Swiss librarian and interlinguist (1894–1982)

Heinrich Albert Nidecker (24 September 1894 – 1982), also known as Henri Nidecker, was a Swiss librarian and philologist. Born in Alsace, he completed degrees at the University of Basel, earning a doctorate English philology in 1924. Nidecker spent most of his career as a librarian at the Basel University Library, where he developed a cataloguing system, and was responsible for the departments of English philology and philosophy. Nidecker was involved in the international auxiliary language movement, supporting Ido and later Interlingue; he authored several works in the latter. Nidecker also wrote on topics of social reform, and on the history of music in Switzerland.

== Life ==
Heinrich Albert Nidecker was born on 24 September 1894 in Grafenstaden, Alsace, to Georg Nidecker and Lucinda Rose Cooper. After completing gymnasium in Müllhausen, and studying at the cantonal school of St. Gallen, he studied pedagogy, natural sciences and the English language at the University of Basel in 1915. After completing teaching exams in 1920, in 1924, he earned a Doctor of Philosophy degree, with his thesis on the work of English poet Samuel Taylor Coleridge. After that, he taught foreign languages at schools in Basel.

In 1924, Nidecker started work as an assistant librarian at Basel University Library. He developed Basel's central catalogue, and was responsible for the departments of English philology and philosophy.
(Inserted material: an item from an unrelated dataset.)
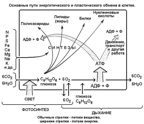 После того, как нам стала ясна роль АТФ и ее цикл, вся проблема клеточной энергетики сводится к пониманию первичных источников энергии и механизмов ее перевода в АТФ. В общем виде ситуация такова: у фотосинтетических аутотрофных организмов синтез АТФ из АДФ и фосфата генерируется солнечной энергией, у гетеротрофов - энергией от окисления пищевых продуктов (см. рис. 5). Таким образом, растениям для синтеза АТФ нужен свет, животным и человеку нужна органическая пища.
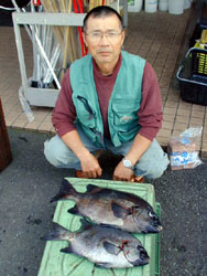 5月8日、宗像沖ノ島のコンクリ裏にイシダイ狙いで上礁した谷口さんは、56cm 3kgの大型を頭に2匹の本命を釣り上げた。

A member of the Vereinigung Schweizerischer Bibliothekare (Society of Swiss Librarians) and the Schweizerische Gesellschaft für Volkskunde (Swiss society for folklore), Nidecker retired in March 1960. He married Marguerite Estermann on 6 June 1931; they had one son together. Nidecker died in 1982 at the age of 87, in Arlesheim.

=== Views ===
Nidecker spoke several international auxiliary languages throughout his life, including Ido and Interlingue. He was president of both the Basel group of Idists and the Swiss Ido-Federation. At the 1928 Ido conference in Zürich, he spoke against the conservative arguments of Albert Nötzli; he later gave up the presidency of the Swiss federation and joined the Interlingue (then Occidental) movement. Nidecker wrote articles in several Occidental-language magazines, including Cosmoglotta and Helvetia, on topics such as language reform and economics. He led the Swiss Association for Occidental from 1934, and created several works in the language, including Occidental-language songs, a version of Goethe's poem Prometheus, and a German translation of an Occidental course by Frédéric Lagnel.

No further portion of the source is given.